Australia: No Duty Of Care Owed By Councils When Issuing Clean-Up Notices

Last Updated: 12 December 2008
Article by Jacinta Studdert and Rebecca Pleming

In October of this year, in the case of Precision Products (NSW) Pty Limited v Hawkesbury City Council [2008] NSWCA 278, the New South Wales Court of Appeal (Court of Appeal) ruled that Hawkesbury City Council (Council) did not owe a duty of care to the appellant when issuing a clean-up notice under section 91 of the Protection of the Environment Operations Act 1997 (NSW) (POEO Act).

In dismissing the appeal brought by Precision Products (NSW) Pty Limited (Precision Products), the Court of Appeal stated that the exercise of the power in section 91 of the POEO Act is one of judgment for the regulatory authority. The Court of Appeal stated that it is not a power exercised for the benefit of either the occupier of the premises or the person to whom the notice is given, rather the exercise of the power is only for the benefit of the public by dealing with or preventing the escape of polluting substances.
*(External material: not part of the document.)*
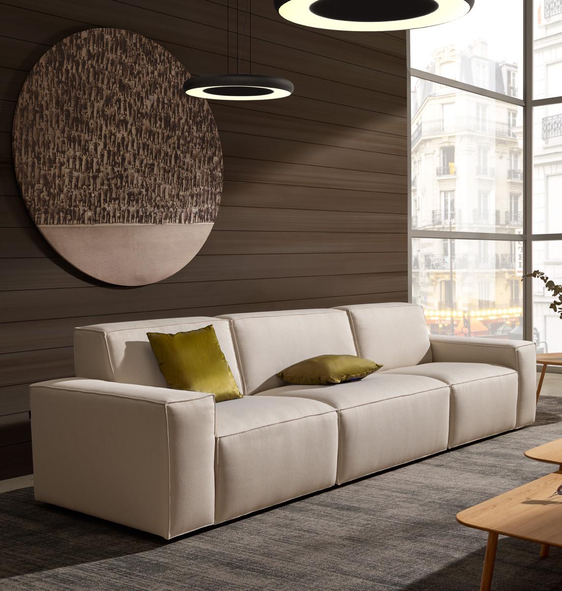 Basik modèle aux lignes droites et élégantes, en accord aux goûts formels contemporains. Canapé d’une grande variété modulaire qui permet tous les types de compositions pour la maison. Coussins de décoration (47X43cm) inclus pour chaque accoudoir. Les canapés et les modules de plus de 200 cm sont préparés pour pouvoir démonter les accoudoirs en destination.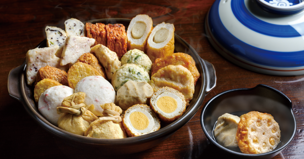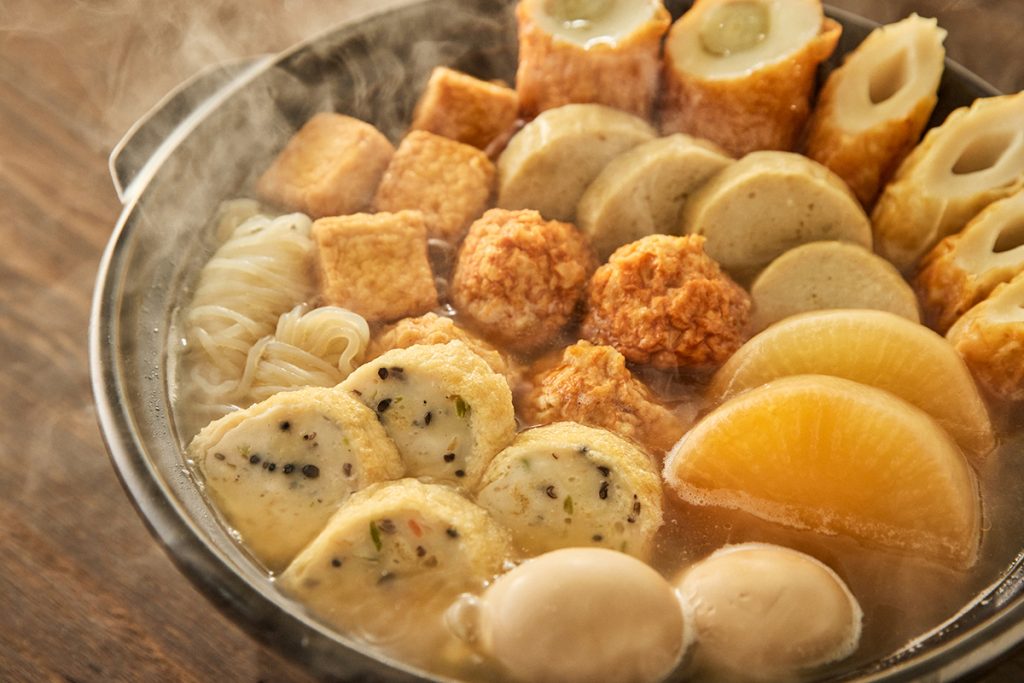 魚の旨みを生かしたおでん種に、玉子や昆布、旬の野菜を盛り合わせました。

To infuse common law duties and the recovery of damages in such a field as the issue of notices under section 91, where governmental and legal controls already exist, would introduce an undesirable incompatibility and lack of coherence to the regime of environmental protection.

However, despite no duty of care being found, the Court of Appeal was critical of some aspects of the section 91 notice that was issued in this case, particularly finding that no procedural fairness was afforded by Council. The Court of Appeal found that this could have been a basis for challenge in the Land and Environment Court or meant that the notice could have been ignored as an invalid administrative act.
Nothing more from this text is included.